TASK BRIEF → Reproduce the lines of the material exactly, excluding every image.
### STORED DATA ###
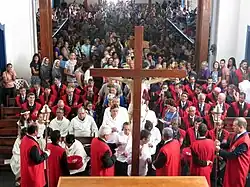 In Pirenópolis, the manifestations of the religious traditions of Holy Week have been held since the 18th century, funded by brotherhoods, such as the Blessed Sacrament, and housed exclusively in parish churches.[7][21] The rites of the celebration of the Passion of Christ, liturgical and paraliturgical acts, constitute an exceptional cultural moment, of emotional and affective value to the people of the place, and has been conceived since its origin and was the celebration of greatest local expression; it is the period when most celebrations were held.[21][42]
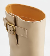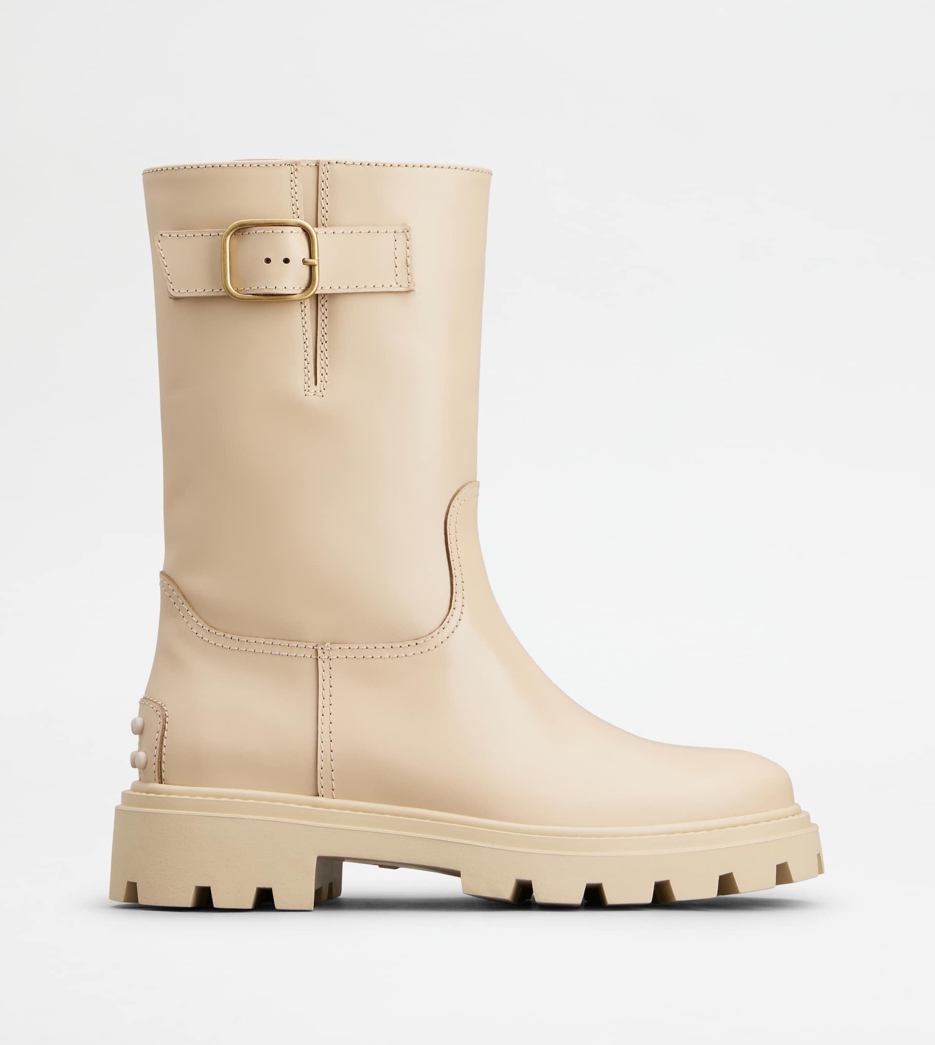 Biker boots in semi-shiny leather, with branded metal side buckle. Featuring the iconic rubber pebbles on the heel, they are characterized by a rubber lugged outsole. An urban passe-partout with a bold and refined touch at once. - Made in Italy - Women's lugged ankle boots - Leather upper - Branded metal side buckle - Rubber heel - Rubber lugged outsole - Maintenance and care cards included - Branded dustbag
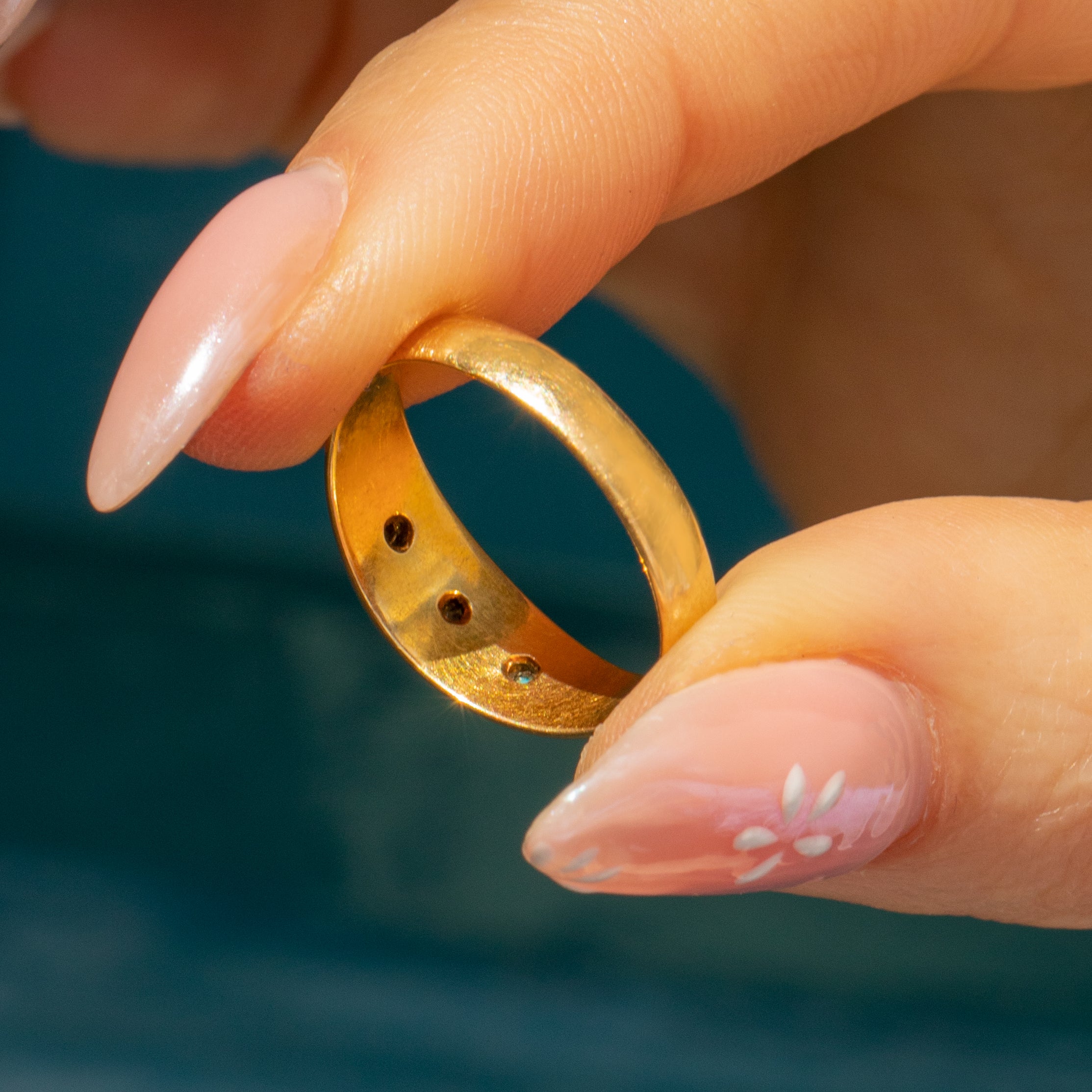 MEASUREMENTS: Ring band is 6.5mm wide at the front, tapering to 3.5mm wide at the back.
###
TASK SOLUTION →
 In Pirenópolis, the manifestations of the religious traditions of Holy Week have been held since the 18th century, funded by brotherhoods, such as the Blessed Sacrament, and housed exclusively in parish churches.[7][21] The rites of the celebration of the Passion of Christ, liturgical and paraliturgical acts, constitute an exceptional cultural moment, of emotional and affective value to the people of the place, and has been conceived since its origin and was the celebration of greatest local expression; it is the period when most celebrations were held.[21][42]
 Biker boots in semi-shiny leather, with branded metal side buckle. Featuring the iconic rubber pebbles on the heel, they are characterized by a rubber lugged outsole. An urban passe-partout with a bold and refined touch at once. - Made in Italy - Women's lugged ankle boots - Leather upper - Branded metal side buckle - Rubber heel - Rubber lugged outsole - Maintenance and care cards included - Branded dustbag
 MEASUREMENTS: Ring band is 6.5mm wide at the front, tapering to 3.5mm wide at the back.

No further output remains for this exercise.